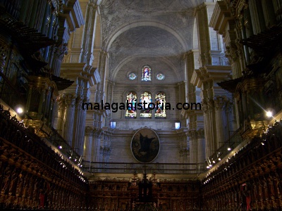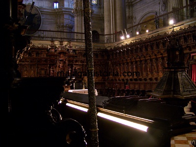 Fue el autor del San Pedro y San Pablo que se hallan sobre las sillas de los asistentes a cada lado de la silla prelacial que luce las armas del obispo Antonio Enríquez; igualmente de diferentes tableros del coro. Otras figuras se atribuyen a Alonso Cano, siendo el fastiol, construido en 1654, obra de Fernando Ortiz; entre éste y el trono hay un atril de bronce que representa un águila y fue realizada en 1681. Encima cuelga una hermosa araña de Bohemia de 1766. El coro es una de las piezas más valiosas de la Catedral, habiéndose hecho un estudio últimamente sobre cada uno de sus tableros y tallas. Lo único que verdaderameflte llama la atención es la hermosa figura de Nuestra Señora de las Angustias, obra de los hermanos Pissanis, de Florencia, instalada en 1800. A cada lado, obras de Salazar, de 1802, imitando mármol. Hay además cuatro altares laterales, cuyas figuras y tallas se atribuyen a Salvador León o León el Viejo.
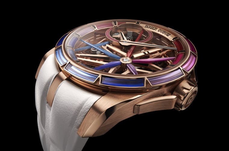 Excalibur Blacklight Spin-Stone Monobalancier採用Eon-Gold玫瑰金制成,搭配白色小牛皮表帶呈現出高雅個性,且一如羅杰杜彼近年的新作,表款同樣配置表帶快拆系統,表主若想更換其他表帶只需靠自己,簡單幾個動作就能順利完成換表帶的目的。
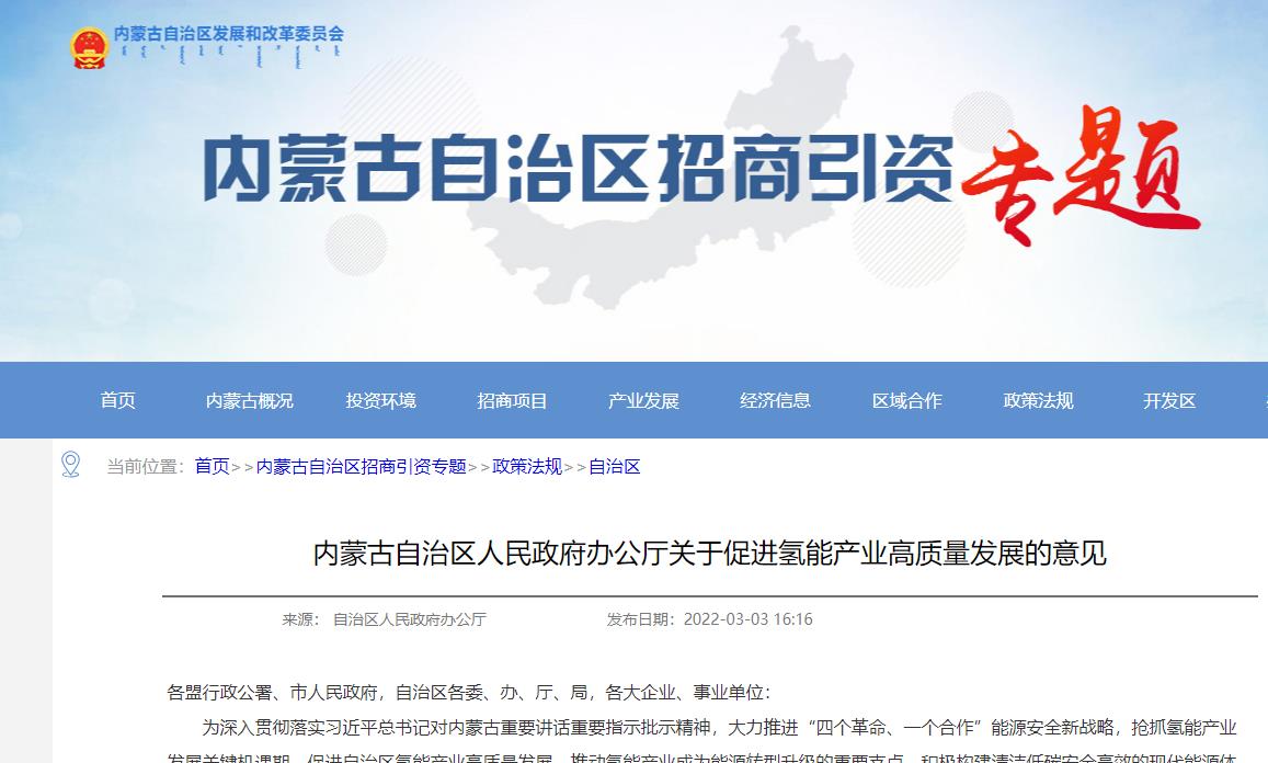 內蒙古自治區人民政府辦公廳關于促進氫能產業高質量發展的意見
● ● ●
● **Activity**
Set down the line containing "Excalibur Blacklight Spin-Stone" and every line after it up to the end of the material, exactly as written, but not the pictures.

● **Task answer**
 Excalibur Blacklight Spin-Stone Monobalancier採用Eon-Gold玫瑰金制成,搭配白色小牛皮表帶呈現出高雅個性,且一如羅杰杜彼近年的新作,表款同樣配置表帶快拆系統,表主若想更換其他表帶只需靠自己,簡單幾個動作就能順利完成換表帶的目的。
 內蒙古自治區人民政府辦公廳關于促進氫能產業高質量發展的意見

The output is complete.